### Task
Output all entries exactly as they appear and skip the pictures.

(Stored data)
+--
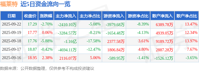 证券之星消息,截至2025年9月22日收盘,福莱特(601865)报收于17.29元,下跌2.7%,换手率1.45%,成交量27.55万手,成交额4.74亿元。
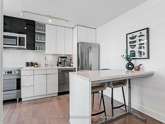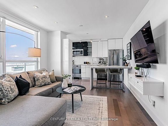 Welcome to 33 Shore Breeze Dr, Suite 3208 a high-floor gem in the heart of Humber Bay Shores, offering one of the most sought-after 1+Denfoorplans at Jade Condos. This 584 sq. ft. unit plus a spacious 157 sq. ft. balcony delivers uninterrupted southeast views of the lake, CN Tower, and city skyline that will take your breath away. The intelligently designed layout includes a separate den, ideal for a home office or study area. The bright, open-concept living space features smooth ceilings, floor-to-ceiling windows, and walk-out access to a private oversized balcony perfect for relaxing or entertaining with a view. The sleek kitchen comes equipped with stainless steel appliances, quartz countertops, and modern pot lights. The luxurious marble bathroom adds a touch of sophistication with high-end finishes and spa-like feel. Extras include premium parking and locker, and unbeatable location just steps from waterfront trails, parks, shops, restaurants, and TTC/GO access. Quick access to the Gardiner makes commuting a breeze. Experience lakeside living at its finest in one of Toronto's most vibrant communities
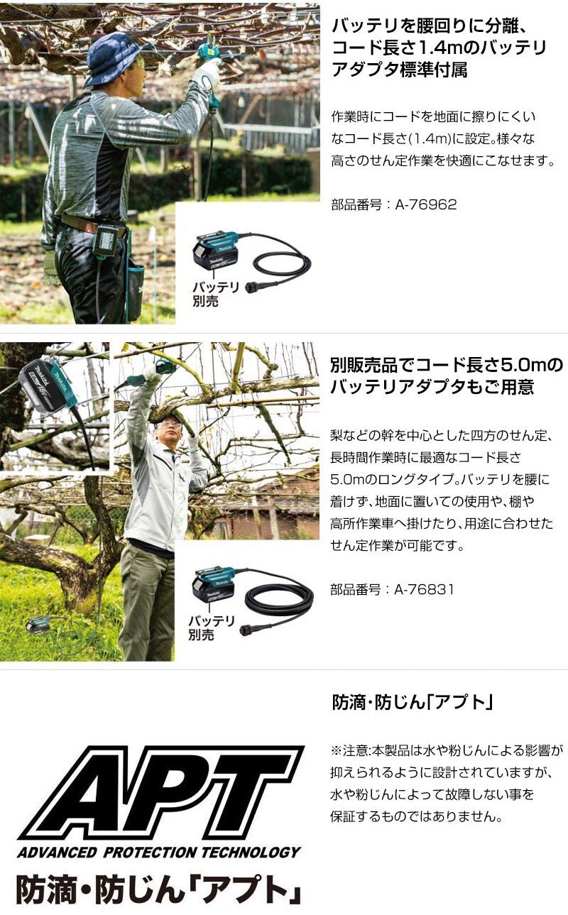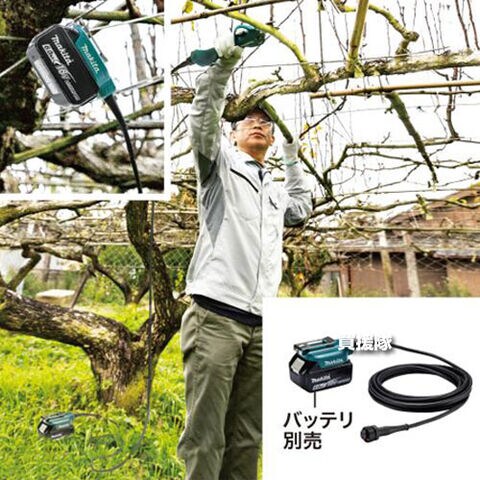 【別販売品でコード長さ5.0mのバッテリアダプタもご用意】梨などの幹を中心とした四方のせん定、長時間作業時に最適なコード長さ5.0mのロングタイプ。バッテリを腰に着けず、地面に置いての使用や、棚や高所作業車へ掛けたり、用途に合わせたせん定作業が可能です。
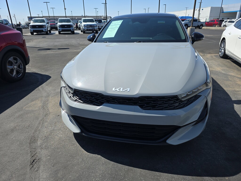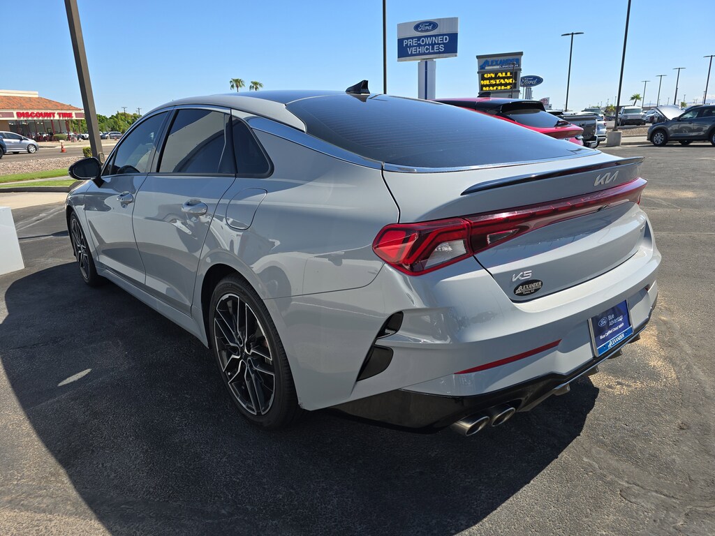 Trustworthy and worry-free, this Used 2023 Kia K5 GT packs in your passengers and their bags with room to spare. This Kia K5 has the following options: WOLF GRAY, WHEEL LOCKS, CARPETED FLOOR MATS, CARGO NET, Window Grid Antenna, Variable intermittent wipers, Urethane Gear Shifter Material, Turn-By-Turn Navigation Directions, Trunk Rear Cargo Access, and Trip computer. Pilot the whole group in the comfort of every amenity in this trustworthy and dependable Kia K5. Stop by Bill Alexander Ford Lincoln located at 801 E 32Nd St, Yuma, AZ 85365 for a quick visit and a hassle-free deal!
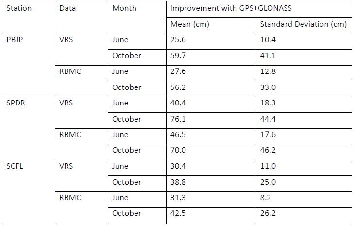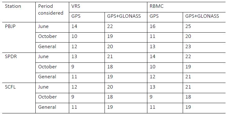 Apart from the MSE differences noted from one month to the other, the mean percentages of improvement with the GLONASS data added to the GPS was also similar for both months. In June, the mean improvement by using GPS/GLONASS data was 49.0%, and in October, 48.6% considering the three stations and results from real and virtual data. In the same way, considering real and virtual data, the mean percentages of improvement were compatible. For PBJP station the mean improvement by using GPS/GLONASS data was about 45%, for SPDR station, 52% and for SCFL station, about 49%.
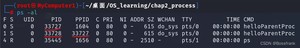 果然如我们所料,根据fork的返回值使得一段程序同时执行了if语句的不同分支。同时由于有pause在,父子进程都没有结束,我们可以另起一个终端,查看当前终端存在的进程:
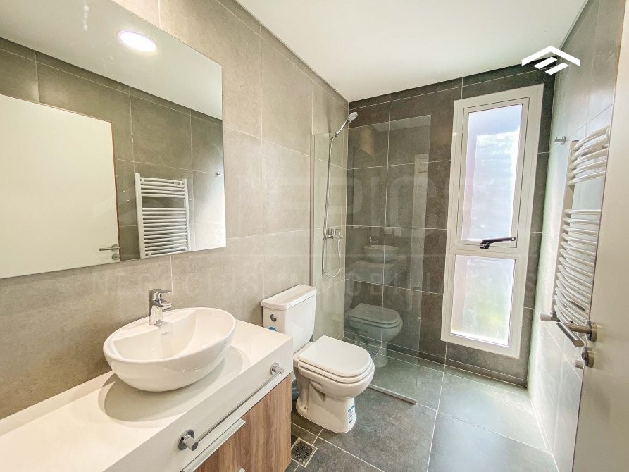 • Toilette de recepción, con amplio vanitory, mesada de Silestone, bacha Ferrum y espejo
+--
### Expected answer
 证券之星消息,截至2025年9月22日收盘,福莱特(601865)报收于17.29元,下跌2.7%,换手率1.45%,成交量27.55万手,成交额4.74亿元。
 Welcome to 33 Shore Breeze Dr, Suite 3208 a high-floor gem in the heart of Humber Bay Shores, offering one of the most sought-after 1+Denfoorplans at Jade Condos. This 584 sq. ft. unit plus a spacious 157 sq. ft. balcony delivers uninterrupted southeast views of the lake, CN Tower, and city skyline that will take your breath away. The intelligently designed layout includes a separate den, ideal for a home office or study area. The bright, open-concept living space features smooth ceilings, floor-to-ceiling windows, and walk-out access to a private oversized balcony perfect for relaxing or entertaining with a view. The sleek kitchen comes equipped with stainless steel appliances, quartz countertops, and modern pot lights. The luxurious marble bathroom adds a touch of sophistication with high-end finishes and spa-like feel. Extras include premium parking and locker, and unbeatable location just steps from waterfront trails, parks, shops, restaurants, and TTC/GO access. Quick access to the Gardiner makes commuting a breeze. Experience lakeside living at its finest in one of Toronto's most vibrant communities
 【別販売品でコード長さ5.0mのバッテリアダプタもご用意】梨などの幹を中心とした四方のせん定、長時間作業時に最適なコード長さ5.0mのロングタイプ。バッテリを腰に着けず、地面に置いての使用や、棚や高所作業車へ掛けたり、用途に合わせたせん定作業が可能です。
 Trustworthy and worry-free, this Used 2023 Kia K5 GT packs in your passengers and their bags with room to spare. This Kia K5 has the following options: WOLF GRAY, WHEEL LOCKS, CARPETED FLOOR MATS, CARGO NET, Window Grid Antenna, Variable intermittent wipers, Urethane Gear Shifter Material, Turn-By-Turn Navigation Directions, Trunk Rear Cargo Access, and Trip computer. Pilot the whole group in the comfort of every amenity in this trustworthy and dependable Kia K5. Stop by Bill Alexander Ford Lincoln located at 801 E 32Nd St, Yuma, AZ 85365 for a quick visit and a hassle-free deal!
 Apart from the MSE differences noted from one month to the other, the mean percentages of improvement with the GLONASS data added to the GPS was also similar for both months. In June, the mean improvement by using GPS/GLONASS data was 49.0%, and in October, 48.6% considering the three stations and results from real and virtual data. In the same way, considering real and virtual data, the mean percentages of improvement were compatible. For PBJP station the mean improvement by using GPS/GLONASS data was about 45%, for SPDR station, 52% and for SCFL station, about 49%.
 果然如我们所料,根据fork的返回值使得一段程序同时执行了if语句的不同分支。同时由于有pause在,父子进程都没有结束,我们可以另起一个终端,查看当前终端存在的进程:
 • Toilette de recepción, con amplio vanitory, mesada de Silestone, bacha Ferrum y espejo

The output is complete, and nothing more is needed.